In the first case, the client can accept a response to its multicast from any member of the group as long as at least one responds. The communication system need only guarantee delivery of the multicast to a nonfaulty process of the group on a best-effort basis. In the second case, the all-or-none atomic delivery requirements requires that the multicast needs to be buffered until it is committed and subsequently delivered to the application process, and so incurs additional latency.

Failure may occur during a multicast at the recipient processes, the communication links or the originating process.

Failures at the recipient processes and on the communication links can be detected by the originating process using standard time-out mechanisms or message acknowledgements. The multicast can be aborted by the originator, or the service group membership may be dynamically adjusted to exclude the failed processes and the multicast can be continued.

If the originator fails during the multicast, there are two possible outcomes. Either the message has not have arrived at any destination or it has arrived at some. In the first case, no process can be aware of the originator's intention and so the multicast must be aborted. In the second case it may be possible to complete the multicast by selecting one of the recipients as the new originator.

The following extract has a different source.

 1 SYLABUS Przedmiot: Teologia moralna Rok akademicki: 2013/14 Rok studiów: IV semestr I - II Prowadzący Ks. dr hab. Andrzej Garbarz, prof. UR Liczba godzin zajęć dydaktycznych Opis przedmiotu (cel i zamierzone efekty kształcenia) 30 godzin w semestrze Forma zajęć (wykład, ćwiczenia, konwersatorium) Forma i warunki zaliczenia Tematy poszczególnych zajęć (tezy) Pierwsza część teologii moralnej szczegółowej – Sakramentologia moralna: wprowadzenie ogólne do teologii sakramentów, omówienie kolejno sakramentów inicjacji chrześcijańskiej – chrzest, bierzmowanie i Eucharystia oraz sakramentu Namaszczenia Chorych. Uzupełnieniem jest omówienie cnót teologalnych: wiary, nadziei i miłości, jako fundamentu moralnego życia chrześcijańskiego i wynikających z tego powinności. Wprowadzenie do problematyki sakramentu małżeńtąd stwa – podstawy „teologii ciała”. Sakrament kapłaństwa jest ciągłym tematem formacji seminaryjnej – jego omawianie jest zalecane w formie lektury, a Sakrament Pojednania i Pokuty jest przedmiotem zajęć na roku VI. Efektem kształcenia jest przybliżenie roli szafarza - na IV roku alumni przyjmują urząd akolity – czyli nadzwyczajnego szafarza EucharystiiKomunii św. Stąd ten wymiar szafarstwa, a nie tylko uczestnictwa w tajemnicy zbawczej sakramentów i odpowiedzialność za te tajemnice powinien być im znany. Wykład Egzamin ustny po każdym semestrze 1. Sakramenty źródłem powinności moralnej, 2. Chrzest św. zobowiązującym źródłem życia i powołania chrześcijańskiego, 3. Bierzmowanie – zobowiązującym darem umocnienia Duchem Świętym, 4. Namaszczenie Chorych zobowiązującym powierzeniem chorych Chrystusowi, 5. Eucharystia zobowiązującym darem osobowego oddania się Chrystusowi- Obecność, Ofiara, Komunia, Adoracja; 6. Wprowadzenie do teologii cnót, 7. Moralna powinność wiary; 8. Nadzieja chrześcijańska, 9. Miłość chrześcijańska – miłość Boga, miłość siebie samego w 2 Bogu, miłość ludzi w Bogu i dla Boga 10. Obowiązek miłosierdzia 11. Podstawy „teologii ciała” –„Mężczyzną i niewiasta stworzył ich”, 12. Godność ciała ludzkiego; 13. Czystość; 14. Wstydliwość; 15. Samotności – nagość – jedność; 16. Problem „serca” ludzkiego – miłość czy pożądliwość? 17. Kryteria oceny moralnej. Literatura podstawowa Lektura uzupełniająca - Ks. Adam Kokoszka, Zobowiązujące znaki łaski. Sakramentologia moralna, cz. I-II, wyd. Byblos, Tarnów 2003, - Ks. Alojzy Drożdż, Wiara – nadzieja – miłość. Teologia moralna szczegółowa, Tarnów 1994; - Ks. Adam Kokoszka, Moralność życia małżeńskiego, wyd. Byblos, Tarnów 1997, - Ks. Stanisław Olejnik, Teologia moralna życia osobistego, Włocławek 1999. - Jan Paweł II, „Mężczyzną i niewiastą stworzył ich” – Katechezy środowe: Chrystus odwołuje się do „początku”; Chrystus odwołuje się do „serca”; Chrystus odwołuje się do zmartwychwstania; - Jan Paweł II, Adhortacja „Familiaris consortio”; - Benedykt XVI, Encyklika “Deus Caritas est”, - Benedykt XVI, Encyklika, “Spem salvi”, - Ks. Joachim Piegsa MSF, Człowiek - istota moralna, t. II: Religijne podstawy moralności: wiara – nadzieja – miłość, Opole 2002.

The recipients would have to buffer messages until safe for delivery in case they were called on for this role.

A reliable multicast protocol imposes no restriction on the order in which messages are delivered to group processes. Given that multicasts may be in progress by a number of originators simultaneously, the messages may arrive at different processes in a group in different orders. Also, a single originator may have a number of simultaneous multicasts in progress or may have issued a sequence of multicast messages whose ordering we might like preserved at the recipients. Ideally, multicast messages should be delivered instantaneously in the real-time order they were sent, but this is unrealistic as there is no global time and message transmission has a possibly significant and variable latency.

A number of possible scenarios are given below which may require different levels of ordering semantics. G and s represent groups and message sources. s may be inside or outside a group. Note that group membership may overlap with other groups, that is, processes may be members of more than one group.

(a)

(b)

(d)

Ordered Reliable Multicasts

A FIFO ordered protocol guarantees that messages by the same sender are delivered in the order that they were sent. That is, if a process multicasts a message m before it multicasts a message m', then no correct process receives m' unless it has previously received m. To implement this, messages can be assigned sequence numbers which define an ordering on messages from a single source. Some applications may require the context of previously multicast messages from an originator before interpreting the originator's latest message correctly.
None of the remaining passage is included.